The above-mentioned process accumulates the score for cellular function once again by using the result of simulation by means of the molecule network, thereby allowing one to infer the target molecule.
A series of processes mentioned above may be implemented by means of hardware or software. At least part of the above-mentioned process may be carried out by means of the personal computer 101 shown in FIG. 26.
In FIG. 26, the CPU (Central Processing Unit) 111 executes various processes according to the program stored in the ROM (Read Only Memory) 112 or the program loaded from the memory 118 to the RAM (Random Access Memory) 113. The RAM 113 also stores data necessary for the CPU 111 to perform various processes.

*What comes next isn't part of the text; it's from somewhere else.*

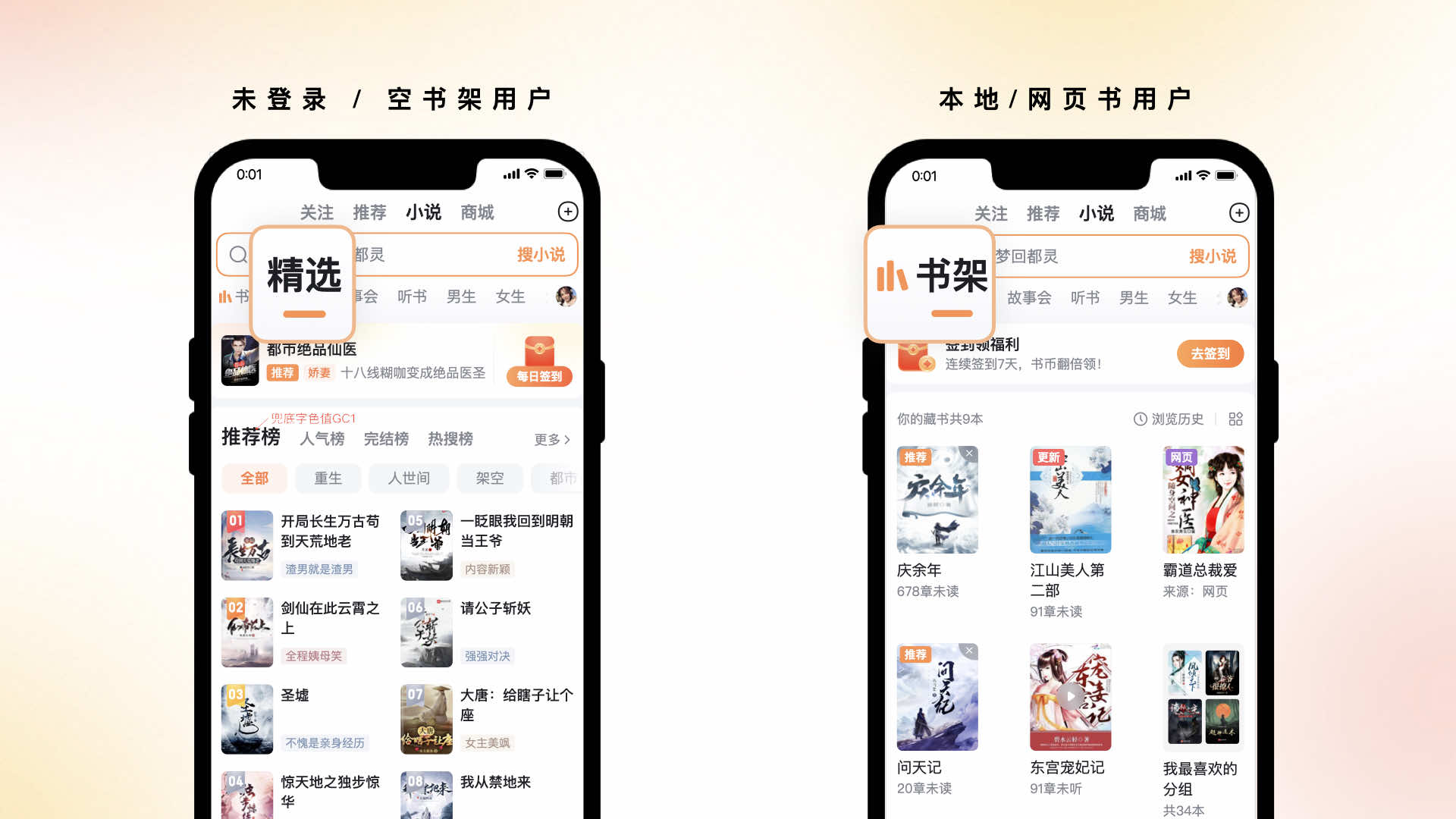 以人為本的設計能夠更貼心地滿足用戶的需求和期望,通過關注用戶的喜好、行為和習慣,讓用戶體會到關懷和舒適的享受。因此,針對于不同的用戶行為進行了精細化的設計。對于未登錄、書架為空的用戶,我們默認為用戶錨定到精選的tab,而針對本地書、網頁書的用戶,我們為其定位到書架的tab,方便用戶更精準的切入場景。
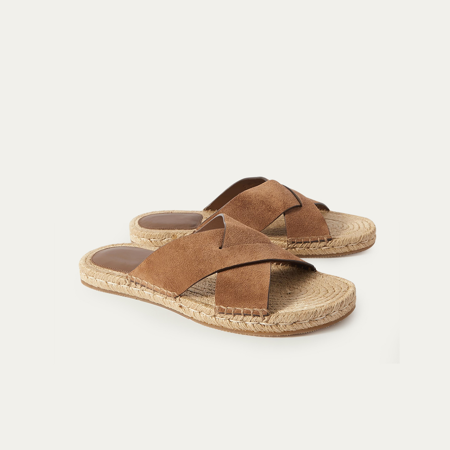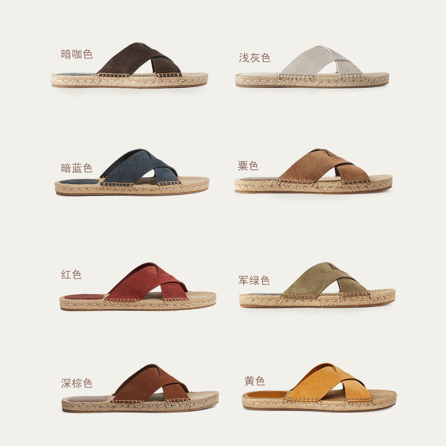潮青年麻绳编织牛皮沙滩鞋 休闲拖鞋 男夏日室外透气交叉一字凉拖鞋

The CPU 111, the ROM 112, and the RAM 113 are connected to one another through the internal bus 114, which is connected to the input/output interface 115.
The input/output interface 115 is connected to the input device 116 such as keyboard and mouse, the output device 117 such as display and speaker, the memory unit 118 such as hard disk, and the communication unit 119 such as modem and terminal adaptor. The communication unit 119 performs communications through various networks including telephone circuit and CATV.
The input/output interface 115 is connected to the drive 120 according to need. The drive 120 may be equipped with the removable medium 121, such as magnetic disc, optical disc, magneto-optical disc, and semiconductor memory. The computer program is read out from the drive 120 and then installed in the memory 118 according to need.
In the case where software is used for processing, the program constituting the software is installed from the network or recording medium.
The recording medium may be the ROM 112 in which the program is recorded or the hard disc included in the memory device 118. In this case the ROM 112 and the hard disc are built into the personal computer delivered to the user. The program may also be recorded in the removal medium 121, which is distributed to the user separately from the computer proper.
In this specification, the steps for the program recorded in the recording medium may be carried out chronologically in the order listed; however, they may also be carried out in parallel or independently.
In this specification, the term “system” denotes an entire apparatus including a plurality of devices.
Incidentally, the embodiments of the present invention are not limited to those mentioned above; they may be modified variously without departing from the scope of the present invention.